Можно доказывать, что обычная свобода все равно ничего по сравнению с
настоящей свободой, и если эту обычную отобрать, получается всеобщая
польза. Кто занимался этими переделками? Как ни печально, философы.
По-моему, раз уж я спас свою шкуру от абажура, я не имею права делать вид,
будто этого не было. Теперь об этом пишут с ужасом и раскаянием, особенно
в Германии - там ведь самая демократическая демократия Европы. Теперь, а
раньше там был фашизм. Что это-де была мрачная година истории и другой
такой не будет. Но черная година по-прежнему налицо. По-прежнему. Все
внутри переворачивается у человека, который верил в деколонизацию, а
теперь читает, что чернокожие пустили чернокожим больше крови, чем перед
тем белые. Поэтому я убежден, что есть вещи, которых нельзя делать во имя
каких бы то ни было других вещей. Каких бы то ни было! Ни хороших, ни
дурных, ни возвышенных. Ни во имя государственной пользы, ни во имя
всеобщего блага, потому что через пару десятков лет доказать можно все. К
чему так уж сразу идеальное состояние?

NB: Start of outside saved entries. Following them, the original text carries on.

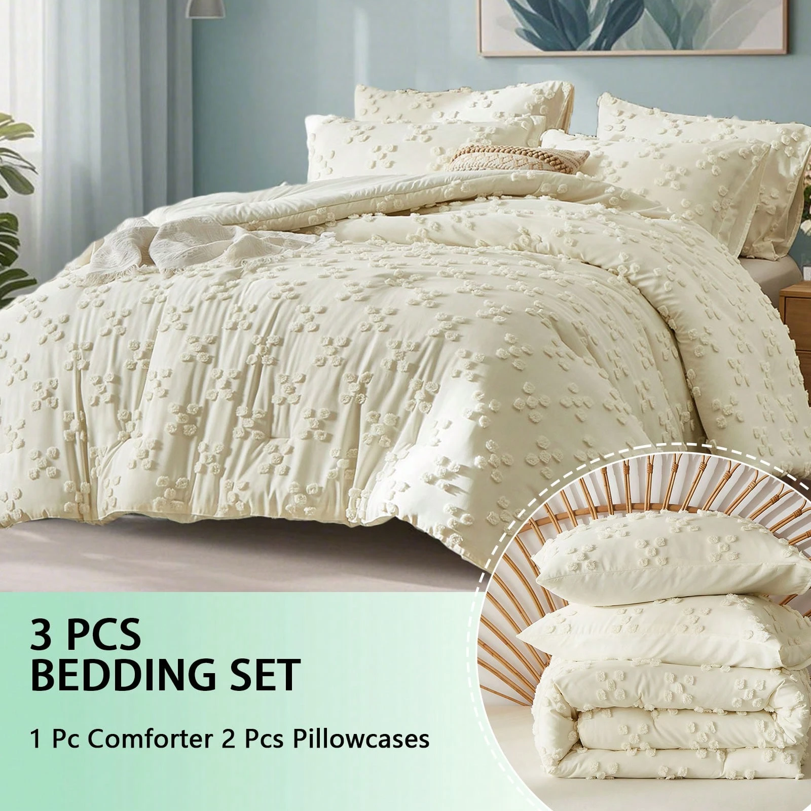 3-Pcs Tufted Comforter Sets Queen, A Soft And Comfortable Summer Bedding Set, Including 1 Comforter, 1/2 Pillowcases, Hotel Bedroom Room Decoration, Suitable For All Four Seasons, Festival Gifts.
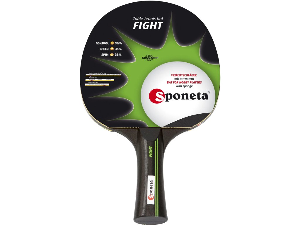 Pálka na stolní tenis SponetaFight s tvarovanou anatomickou rukojetí je vhodná pro lepší rekreační hráče. Výška mechového potahu je 1,0 mm, základní rám pálky je vhodný spíše pro obrannou hru. Balení pálky je ve folii s barevnou kartou vloženou pod folii. Vlastnosti pálky: spin-35% speed - 35 % control - 90%Doplňkové parametry
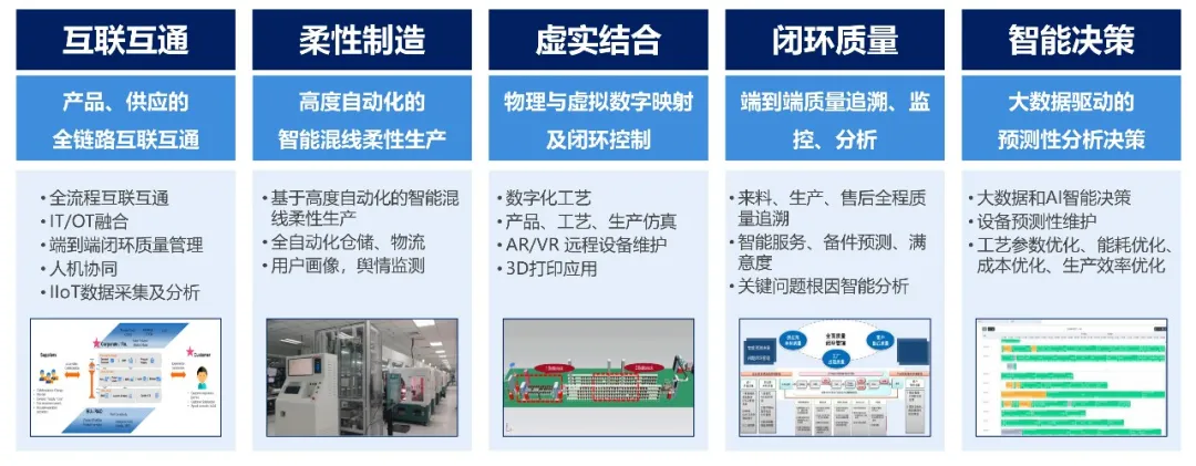 在联想的智能制造体系中,技术是推动智能变革的核心动力。基于对行业变革、技术演进深入的研究和理解,再结合自身的实践,联想总结出五大智能制造核心能力“互连互通、柔性制造、虚实结合、闭环质量、智能决策”。

Не лучше ли, если никто из никого
не может сделать абажура для ночника? Это вполне конкретно, а для
измерения идеального состояния никто еще не выдумал метра. Поэтому я бы не
проклинал эту этикосферу. Конечно, сделать невозможным причинение зла -
тоже зло для многих людей, тех, которые очень несчастны без несчастья
других. Но пусть уж они будут несчастны. Кто-то всегда будет несчастен,
иначе нельзя. Это все. Я никого не хотел обидеть, и мне уже нечего больше
сказать.
В кассетах наступило, похоже, всеобщее замешательство. Во всяком
случае довольно долго никто не отзывался, пока, наконец, в космической
тиши не раздался голос лорда Рассела.
- Господин Финкельштейн, вы правы и вы неправы. Если философия иногда
и сеяла зло, то лишь потому, что зло - оборотная сторона добра и одно без
другого не существует. Человеческий мир - это прохождение в пространстве и
времени разумных (за некоторыми исключениями) существ, причиняющих друг
другу страдания. Хотя никто этого не подсчитал, я полагаю, что сумма мук и
страданий есть историческая постоянная, точнее, она прямо пропорциональна
числу живущих, то есть постоянна на душу населения. Я всегда старался
верить, что какое-то медленное улучшение все же происходит, но
действительность неизменно доказывала иное. Я сказал бы, что человечество
демонстрирует ныне лучшие манеры, чем в Ассирии, но отнюдь не лучшую
нравственность. Просто на смену открытой чванливости палачей пришли
всевозможные предлоги и камуфляжи. Нет публичных казней, во всяком случае
в большинстве стран, поскольку принято считать, что это не пристало
приличному государству. Но "не пристало" - нечто иное, чем "нельзя".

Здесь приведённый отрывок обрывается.